Embarazada, sola y más caliente que nunca en mi cama

Me llamo Sofía, aunque ese detalle no cambia nada de lo que voy a contar. Lo que importa es esto: tengo veintiséis años, vivo sola en un departamento de dos ambientes en Buenos Aires, trabajo medio turno en un laboratorio de análisis clínicos, y desde hace ocho semanas estoy embarazada.

Nadie lo sabe todavía. Ni mi madre, ni mi amiga Daniela, ni el hombre que lo hizo posible antes de desaparecer de mi vida. Solo lo sé yo, mi ginecóloga, y ahora cualquiera que esté leyendo esto.

Lo que tampoco sabe nadie es lo que me está pasando por dentro.

Antes de quedarme embarazada ya me consideraba una mujer bastante sexual. No me voy a hacer la inocente. Disfrutaba del sexo, lo buscaba cuando lo necesitaba, sabía lo que quería. Pero lo que siento desde que el test me dio positivo es algo que no tenía escala para medir. Es como si toda mi vida hubiera estado operando a un volumen moderado y de golpe alguien subiera el dial hasta el límite.
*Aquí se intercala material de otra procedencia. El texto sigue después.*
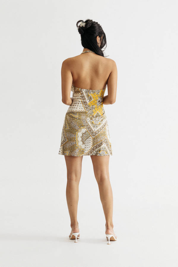 Check out Tobi's Summer Time Fine Bandana Halter Cut Out Mini Dress

Estoy excitada todo el día. Sin excepciones, sin pausas, sin importar dónde esté ni qué esté haciendo. En el laboratorio centrifugando muestras. En el colectivo apretada entre desconocidos. En la fila del banco mirando el techo. Una humedad persistente que no me da tregua, y pensamientos que aparecen solos, sin que yo los invite: manos sobre mi cuerpo, voces que me dicen lo que tengo que hacer, situaciones que a la luz del día me darían vergüenza reconocer.

Lo peor, o lo mejor según cómo se mire, son mis pechos.

Siempre fui orgullosa de mis pechos. Grandes para mi cuerpo delgado, con una sensibilidad que siempre me pareció un regalo desproporcionado. Pero desde el embarazo están hinchados, más pesados, con los pezones oscurecidos y erectos casi todo el tiempo. La sensibilidad se multiplicó de una forma que me parece casi indecente. Si el tirante del corpiño roza mal en el momento equivocado, tengo que hacer un esfuerzo real para no reaccionar en público. Una vez, en una reunión con los otros técnicos del laboratorio, el roce de la tela me provocó una contracción pequeña que tuve que disimular fingiendo un ataque de tos.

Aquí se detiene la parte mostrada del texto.